■ **Supplied records**
....................

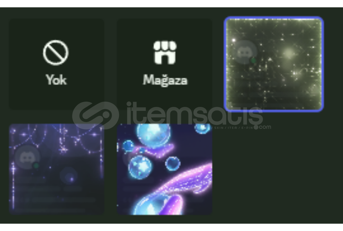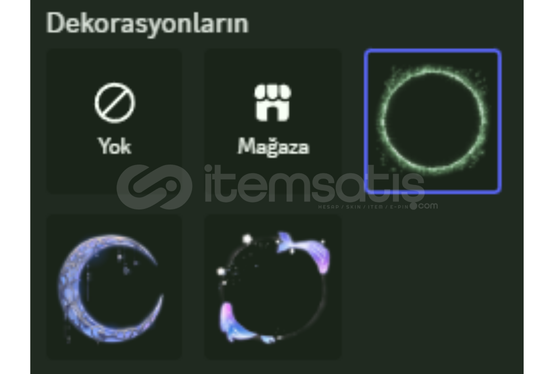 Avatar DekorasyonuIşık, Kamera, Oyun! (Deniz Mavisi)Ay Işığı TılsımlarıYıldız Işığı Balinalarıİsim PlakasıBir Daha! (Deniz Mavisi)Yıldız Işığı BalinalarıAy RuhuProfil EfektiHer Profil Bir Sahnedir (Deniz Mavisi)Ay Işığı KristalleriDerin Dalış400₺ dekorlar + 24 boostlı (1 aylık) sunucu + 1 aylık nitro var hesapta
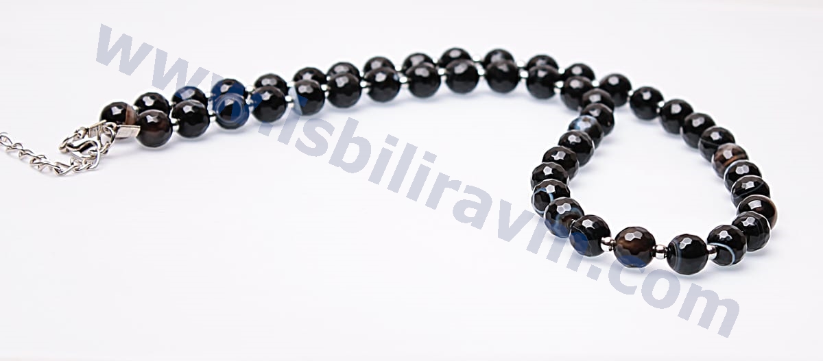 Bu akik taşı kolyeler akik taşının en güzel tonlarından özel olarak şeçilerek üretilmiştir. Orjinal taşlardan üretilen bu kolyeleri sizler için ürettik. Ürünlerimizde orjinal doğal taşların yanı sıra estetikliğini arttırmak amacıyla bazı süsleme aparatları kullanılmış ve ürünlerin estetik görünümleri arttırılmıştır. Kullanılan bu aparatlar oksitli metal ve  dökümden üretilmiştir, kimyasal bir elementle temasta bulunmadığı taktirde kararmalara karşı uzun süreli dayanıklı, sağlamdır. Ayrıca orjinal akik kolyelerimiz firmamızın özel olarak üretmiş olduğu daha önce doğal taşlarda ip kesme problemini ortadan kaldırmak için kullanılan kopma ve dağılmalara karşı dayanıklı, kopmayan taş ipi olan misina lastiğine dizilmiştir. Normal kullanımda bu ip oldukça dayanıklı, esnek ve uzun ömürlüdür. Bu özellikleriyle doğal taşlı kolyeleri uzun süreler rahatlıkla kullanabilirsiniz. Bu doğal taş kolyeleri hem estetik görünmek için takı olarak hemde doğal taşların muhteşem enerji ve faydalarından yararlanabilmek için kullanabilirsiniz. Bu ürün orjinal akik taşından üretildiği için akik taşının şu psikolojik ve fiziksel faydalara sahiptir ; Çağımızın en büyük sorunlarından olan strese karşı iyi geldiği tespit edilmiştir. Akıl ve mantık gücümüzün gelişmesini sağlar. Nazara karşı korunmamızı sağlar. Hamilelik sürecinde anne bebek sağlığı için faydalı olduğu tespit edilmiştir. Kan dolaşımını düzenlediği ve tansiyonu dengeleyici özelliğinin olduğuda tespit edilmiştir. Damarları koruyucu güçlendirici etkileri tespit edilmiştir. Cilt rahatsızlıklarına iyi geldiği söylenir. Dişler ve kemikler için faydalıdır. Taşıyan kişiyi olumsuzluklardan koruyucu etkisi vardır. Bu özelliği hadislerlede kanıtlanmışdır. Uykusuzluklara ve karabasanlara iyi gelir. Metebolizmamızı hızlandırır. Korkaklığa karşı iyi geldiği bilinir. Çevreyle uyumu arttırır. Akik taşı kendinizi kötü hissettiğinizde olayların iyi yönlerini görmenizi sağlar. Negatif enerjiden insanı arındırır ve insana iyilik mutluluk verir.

....................

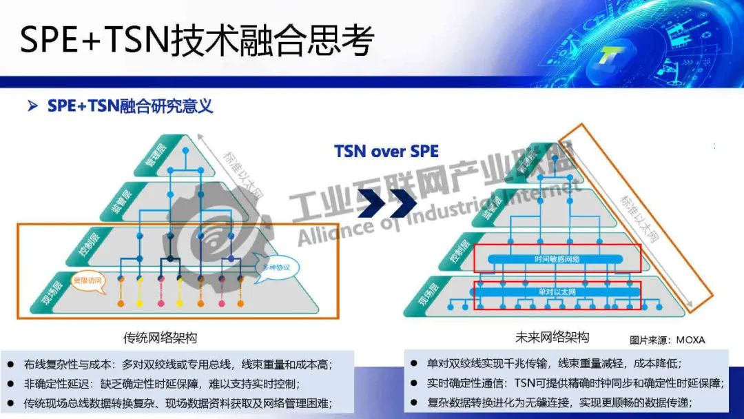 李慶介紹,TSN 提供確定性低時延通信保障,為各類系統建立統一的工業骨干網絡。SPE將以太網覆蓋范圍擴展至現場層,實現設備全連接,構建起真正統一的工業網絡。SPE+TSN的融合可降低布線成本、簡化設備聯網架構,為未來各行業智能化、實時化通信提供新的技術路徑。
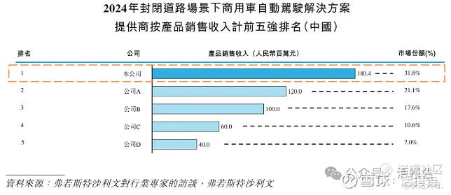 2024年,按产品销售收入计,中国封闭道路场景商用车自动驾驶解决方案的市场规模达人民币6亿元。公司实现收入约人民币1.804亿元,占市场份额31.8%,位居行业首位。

....................

Please repeat, exactly as written, the lines in the records above, starting with the one that has "李慶介紹,TSN 提供確定性" and going on through the one that has "2024年,按产品销售收入计". Pictures are to be left out.

 李慶介紹,TSN 提供確定性低時延通信保障,為各類系統建立統一的工業骨干網絡。SPE將以太網覆蓋范圍擴展至現場層,實現設備全連接,構建起真正統一的工業網絡。SPE+TSN的融合可降低布線成本、簡化設備聯網架構,為未來各行業智能化、實時化通信提供新的技術路徑。
 2024年,按产品销售收入计,中国封闭道路场景商用车自动驾驶解决方案的市场规模达人民币6亿元。公司实现收入约人民币1.804亿元,占市场份额31.8%,位居行业首位。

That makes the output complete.